In Guijie, a busy street in Beijing famous for being full of restaurants – more than 100 -, there are no diners since Beijing banned eating in restaurants in early May. The long lines, usual before the recent outbreak, have been replaced by hordes of food delivery men in uniforms and helmets.

“It is faster to send shipments because there are basically no cars on the streets”said Xiao Yaoa food delivery man from Meituan. “Restaurants don’t need to spend time for people to eat there”.

Authorities in Beijing and Shanghai have promised to increase transportation and waste disposal. The Beijing government has promised that it will ensure that all household waste is cleaned and managed “on time” and low “good standards”. Shanghai has built three new medical waste disposal facilities, increasing this capacity to 1,500 tons per day.

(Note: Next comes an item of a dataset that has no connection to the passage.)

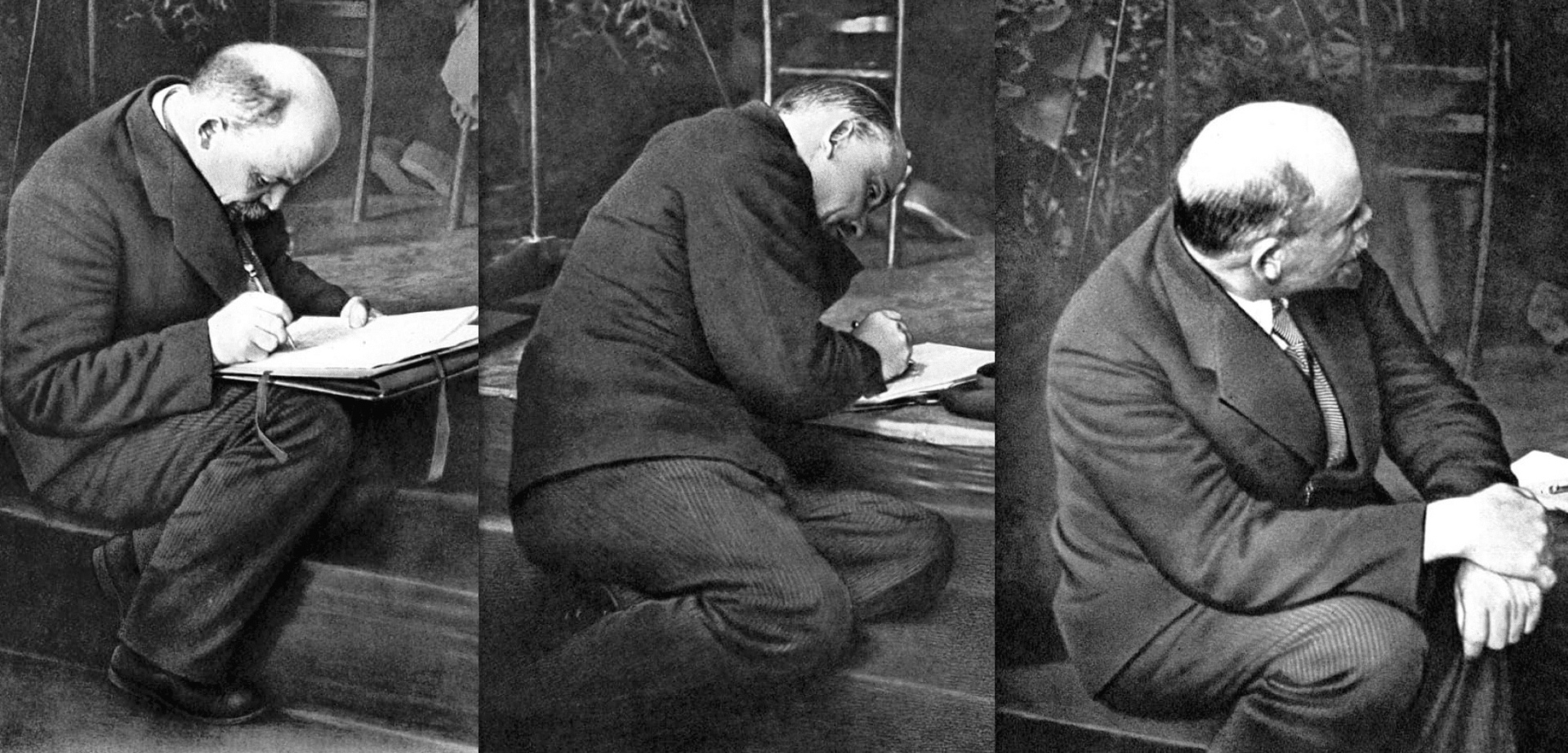 3 - В.И. Ленин на заседании III конгресса Коминтерна, сидя на ступеньках трибуны, делает записи. Москва, июнь-июль 1921 года
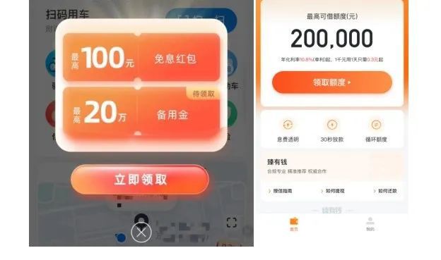 例如,某共享单车App开屏便自动弹出一个“免息红包”和“20万备用金待领取”的贷款广告,在记者点击“立即领取”之后,便显示出申请贷款的页面。

“Currently, our waste transportation and disposal capacity is sufficient”said Xu Li, deputy director of the Municipal Commission for Urban Management from Peking. “We will intensify inspections at waste collection sites and disposal facilities, and resolve any issues in time”.

But China is struggling to deal with a flood of waste generated by online shopping that was already on the rise even before the pandemic. greenpeace has estimated that online shopping in China generated 9.4 million tons of packaging material in 2018, and that could rise to 41 million tons by 2025.

“In the long term, China should work on a system where those who produce waste, both companies and individuals, should pay for the disposal of that waste and take more responsibility.”said Tang Daminproject manager for Greenpeace East Asia.